Typological fulfillment in the Magi. The patristic reading linking Midian and Ephah to Isaiah 60:6 and thence to the Magi (Matthew 2:1–12) offers a stunning reversal: those sent "eastward" away from the house of promise journey back, bearing gifts of gold and frankincense, to worship the Child who is the fulfillment of Isaac's line. What was excluded finds its true inclusion in Christ.
This passage challenges a comfortable assumption: that proximity to sacred things — family, church, sacraments, tradition — automatically confers the inheritance of promise. Abraham's sons by Keturah were circumcised, likely raised in his household, and certainly provided for — yet they were not heirs of the covenant. For the Catholic today, this is a call to honest self-examination. Reception of the sacraments, membership in a Catholic family, even lifelong parish involvement are gifts (mattānôt) — but the inheritance requires a living, personal response to the divine election: faith, conversion, and perseverance.

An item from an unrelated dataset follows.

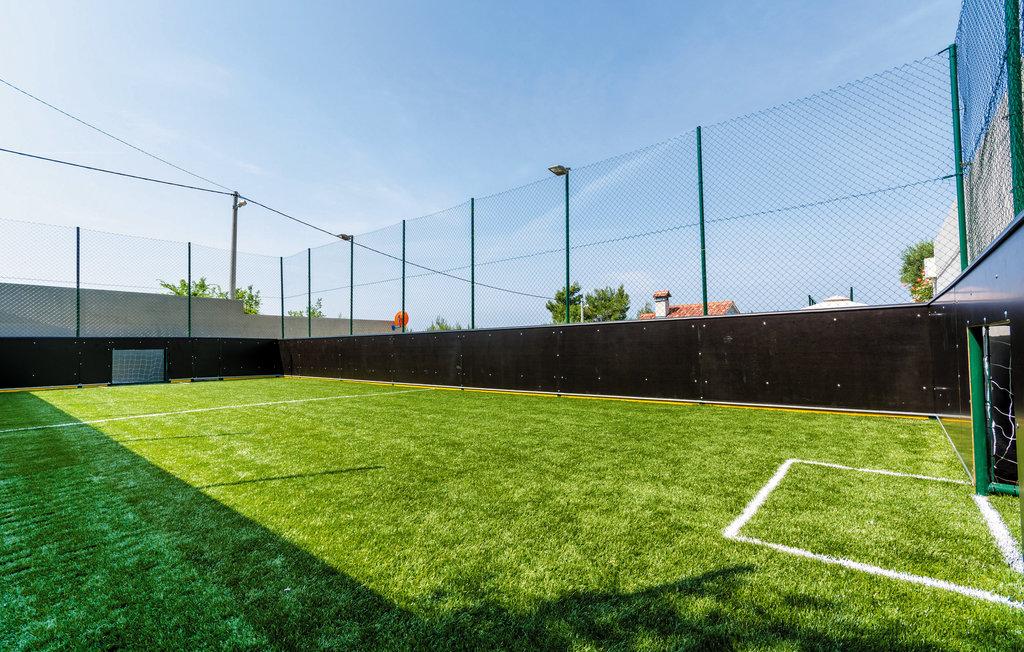 Nemovitost zahrnuje velký dům s 9 ložnicemi, které jsou klimatizované a mají Wi-Fi připojení, 15 koupelen, 4 kuchyně, z toho jedna profesionální s velkou jídelnou pro velký počet osob. V suterénu domu je sauna, jacuzzi, posilovna, stolní tenis, šipky, stolní fotbal a kulečník, kde můžete relaxovat, trénovat a bavit se. Před domem je bazén 70 m2, vedle kterého je malý party domek s grilem, tenisový kurt a fotbalové hřiště s umělou trávou.

Practically, consider how the Church's catechesis distinguishes between baptismal grace received and baptismal grace lived. Parents raising children in the faith should note Abraham's deliberate, ordered action: he settled the question of inheritance clearly and during his own lifetime. There is wisdom here for Catholic parents in making explicit — through word, witness, and the transmission of practiced faith — that the covenant inheritance is not merely genetic or cultural, but spiritual and chosen anew in each generation.
Verse 5 — "Abraham gave all that he had to Isaac." This is the theological crux of the passage. The word "all" (kōl) is emphatic and unqualified. Isaac receives not merely material wealth but the entirety of what Abraham possesses — which, in biblical terms, includes the land promise, the covenant blessing, and the name that carries forward God's redemptive purposes. This act legally and spiritually distinguishes Isaac from all his half-brothers. St. Paul, in Galatians 4:22–31, will use precisely this distinction to argue that children of the promise (those born of faith, symbolized by Isaac) differ fundamentally from children of the flesh (symbolized by Ishmael), regardless of shared biological ancestry.
Verse 6 — Gifts and the sending away eastward. Abraham is not cruel or indifferent toward Keturah's sons — he gives them "gifts" (mattānôt), ensuring their material provision. But there is a decisive spatial separation: they are sent "eastward, to the east country." In biblical geography, movement "east" frequently signifies departure from the sphere of covenant blessing (cf. Cain going east of Eden, Gen. 4:16; Lot choosing the eastern plain, Gen. 13:11). The sending away "while he still lived" is deliberate — Abraham himself, not fate, establishes the boundary, forestalling any future contest over the inheritance. The grace-elect distinction is not accidental but willed and ordered.